Problem description: Skip the pictures, please, and write out exactly every line from the one containing "Superfine små øredobber" through the end of the listing below.

=== Dataset excerpt ===

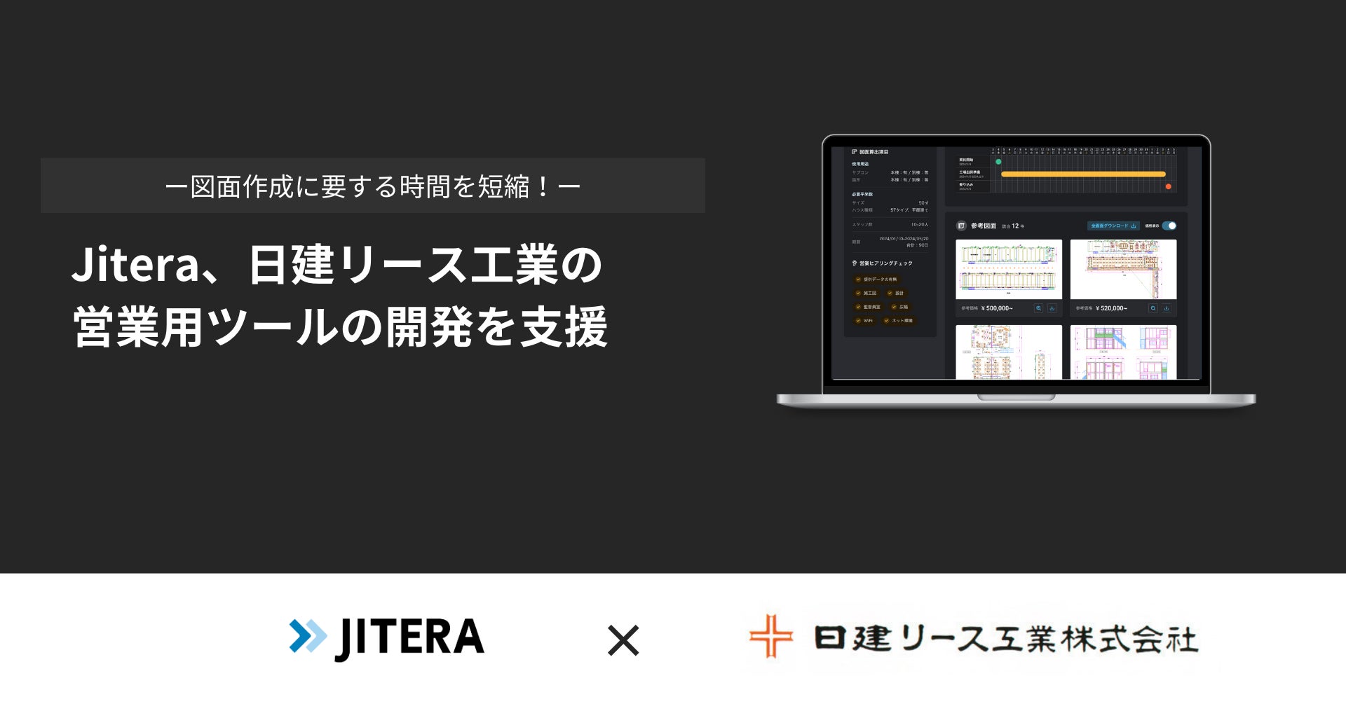 Jitera、日建リース工業の営業用ツールの開発を支援。図面作成に要する時間を短縮し、商談での提案力を向上
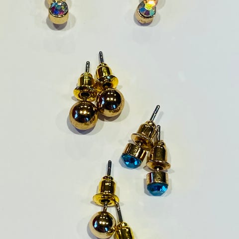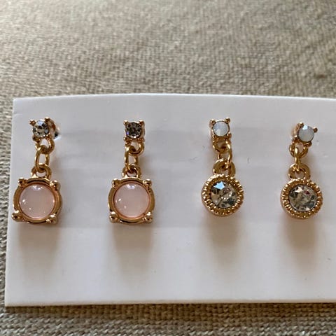 Superfine små øredobber i rosa, gull og grønn. Alle parene selges samlet til 100 kroner. Jeg sender stort sett alltid første virkedag etter mottatt penger for frakt :)
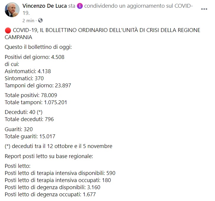 Questo quanto pubblicato sulla pagina facebook del Pres. De Luca:
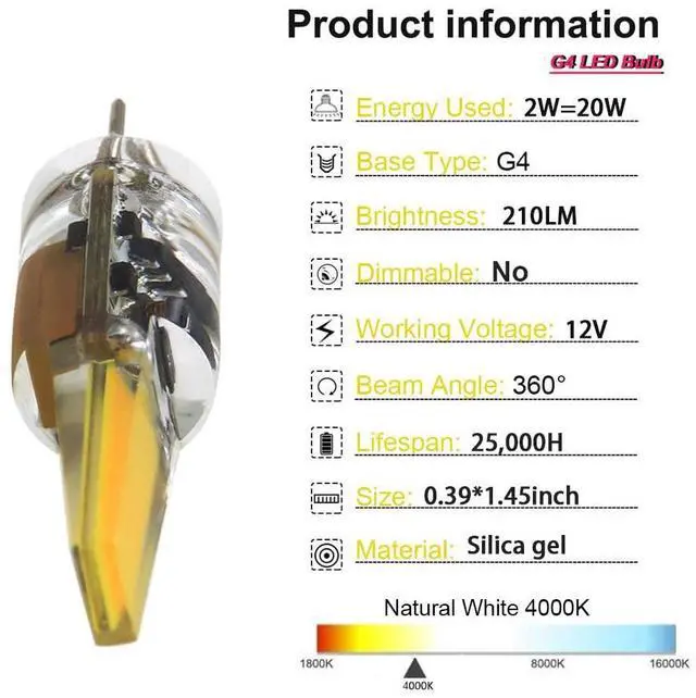 g4 led bulb often used for accent lights, under cabinet puck light, chandeliers, wall mounted sconces, closet lights, floor lamps, table/desk lights, track lighting, and lighting for landscape, rv, caravan, boats, yachts, etc.

===

Task response:
 Superfine små øredobber i rosa, gull og grønn. Alle parene selges samlet til 100 kroner. Jeg sender stort sett alltid første virkedag etter mottatt penger for frakt :)
 Questo quanto pubblicato sulla pagina facebook del Pres. De Luca:
 g4 led bulb often used for accent lights, under cabinet puck light, chandeliers, wall mounted sconces, closet lights, floor lamps, table/desk lights, track lighting, and lighting for landscape, rv, caravan, boats, yachts, etc.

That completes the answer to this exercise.